Current prophylactic measures, such as wearing masks and increasing vaccination coverage, are still necessary. Vaccination is associated with a lower risk of several COVID-19 sequelae and remains the most practical approach to preventing the further spread of the virus (38). After 2 years, 11,438,720,838 doses of the COVID-19 vaccine have been administered globally to combat SARS-CoV-2 infection (1). Third and even fourth vaccine booster doses are being administered in many countries to improve immunity (39). However, many low-income nations are still waiting to offer the initial doses (1). Vaccine inequity has enabled SARS-CoV-2 to spread rapidly, increasing the incidence of sequelae, and undermining global COVID-19 recovery efforts (40). Fair allocation of vaccines is critical for effective COVID-19 control and elimination in resource-limited settings. Fortunately, more countries are taking further action. In November 2021, President Xi announced that China would provide 1.0 billion, including 600 million donated, COVID-19 vaccine doses to African countries to help reach its goal of vaccinating 60% of its population by 2022 (41). Countries will need to collaborate to create a fairer vaccination environment required to bolster worldwide immunity.

In addition, therapeutic regimens, including small-molecule inhibitors and traditional medicine, are still needed.

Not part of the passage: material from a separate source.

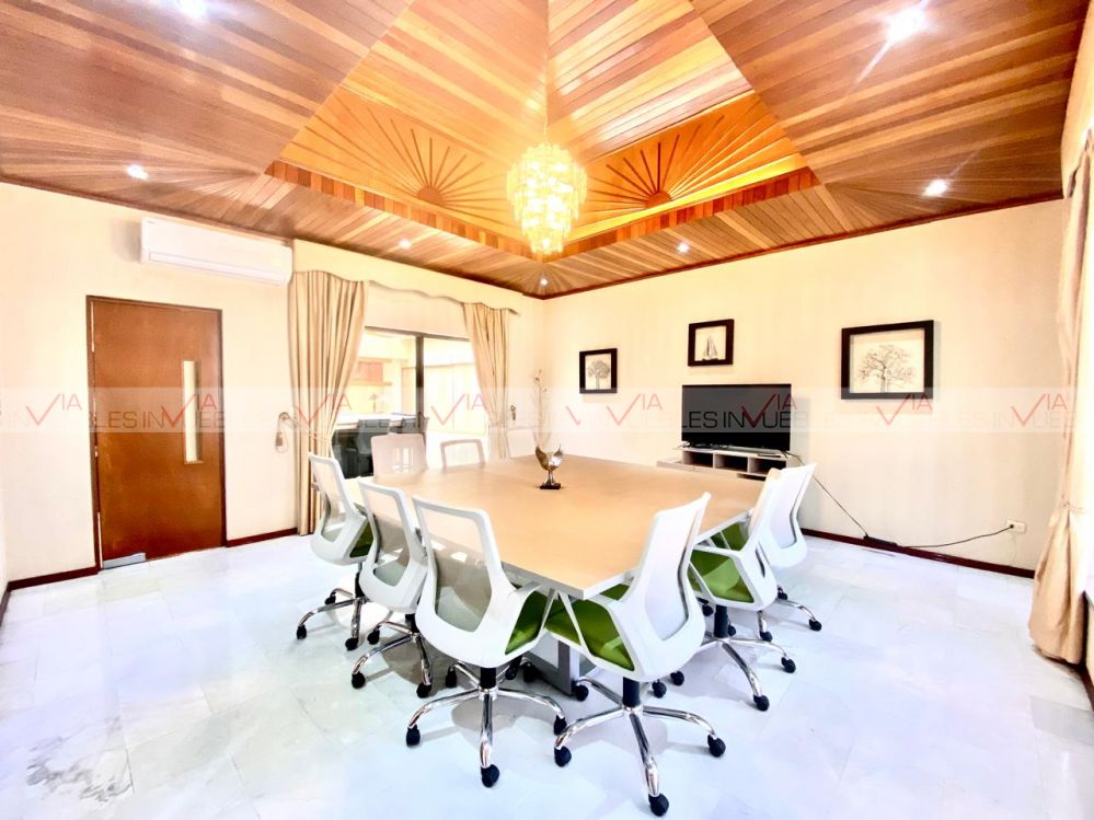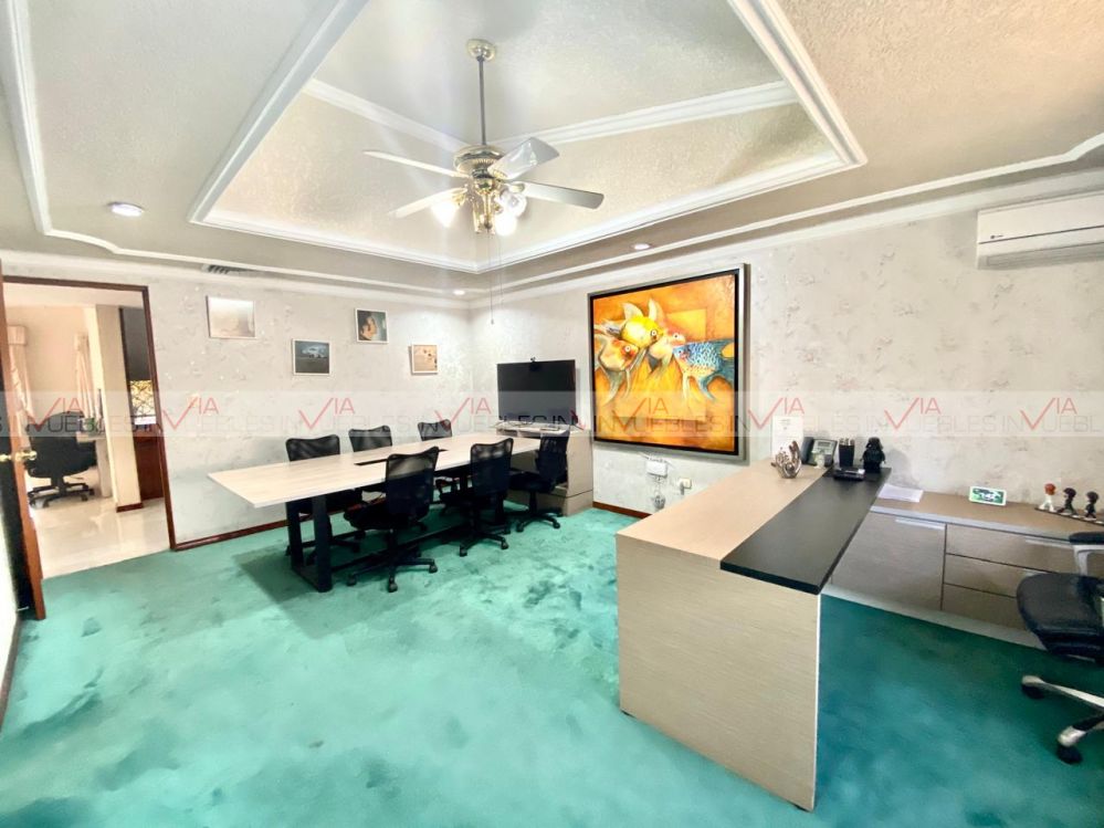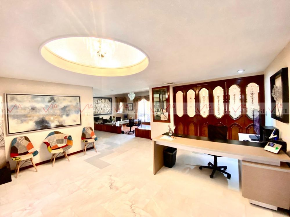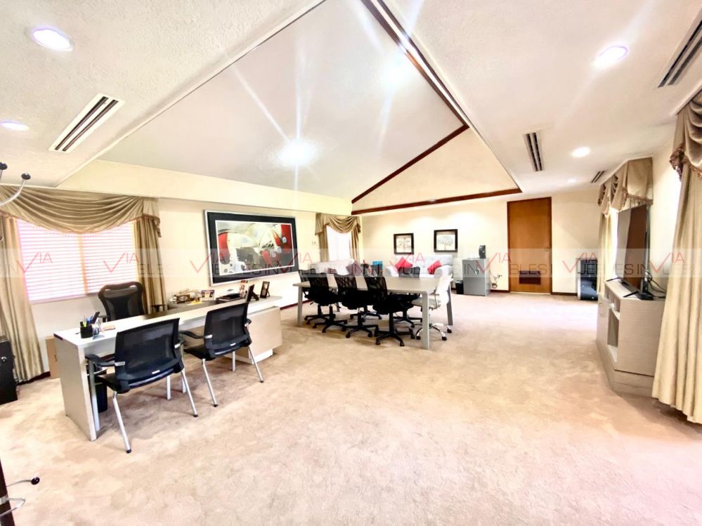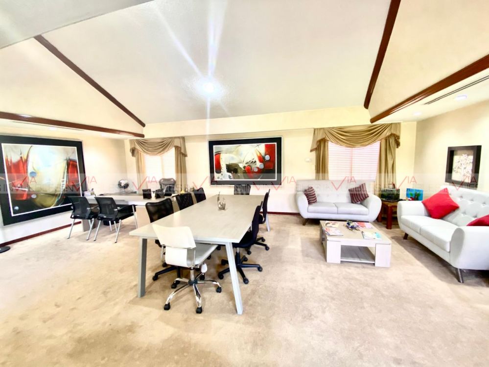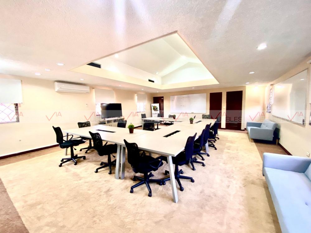 Renta de oficinas premium totalmente amuebladas y equipadas. Cuenta con 2 amplias salas de juntas, oficina de dirección espectacular, 3 oficinas grandes con baño y vestidor, 4 privados adicionales, recepción, cocina equipada y 2 comedores. 16 estacionamientos (10 interiores y 6 exteriores), lavandería y cuarto de servicio, cuarto de máquinas y 2 bodegas, patio central con palapa, asador y baño. Jardines interiores y exteriores.

Small-molecule inhibitors are being widely studied and play an essential function in COVID-19 treatment. Gilead's controversial drug, Veklury^®, was conditionally approved by the Food and Drug Administration (FDA) to combat the pandemic (42, 43) and Pfizer's oral broad-spectrum candidate, Paxlovid^®, and Merck's oral prodrug, Lagevrio^®, provide new hope for a COVID-19 cure (44). Even with promising clinical results, however, widespread use of these treatments may increase the virus' resistance to inhibitors. Researchers will need to carefully design more aggressive and effective strategies to address therapeutic limitations and uncertainties. For example, multi-target drug combination therapy (PF-07321332 + Remdesivir, Linoleic acid + Remdesivir, PF-07321332 + Molnupiravir), could enhance synergistic anti-COVID-19 efficacy while also reducing drug resistance (45). Traditional medicine is another valuable tool that should be considered for COVID-19 treatment. Many studies have shown that herbal medicine offers multi-organ protection against SARS-CoV-2 (46). Ye et al. (47) illustrated that licorice-saponin A3 and glycyrrhetinic acid, triterpenoids isolated from Gan-Cao, have strong inhibitory potency against SARS-CoV-2 infection at EC₅₀ values of 75 nM against the SARS-CoV-2 nsp7 protein and 3.17 μM against the Spike protein. In the COVID-19 era, small-molecule inhibitors and traditional medicine have a distinct advantage and should be shared between laboratories.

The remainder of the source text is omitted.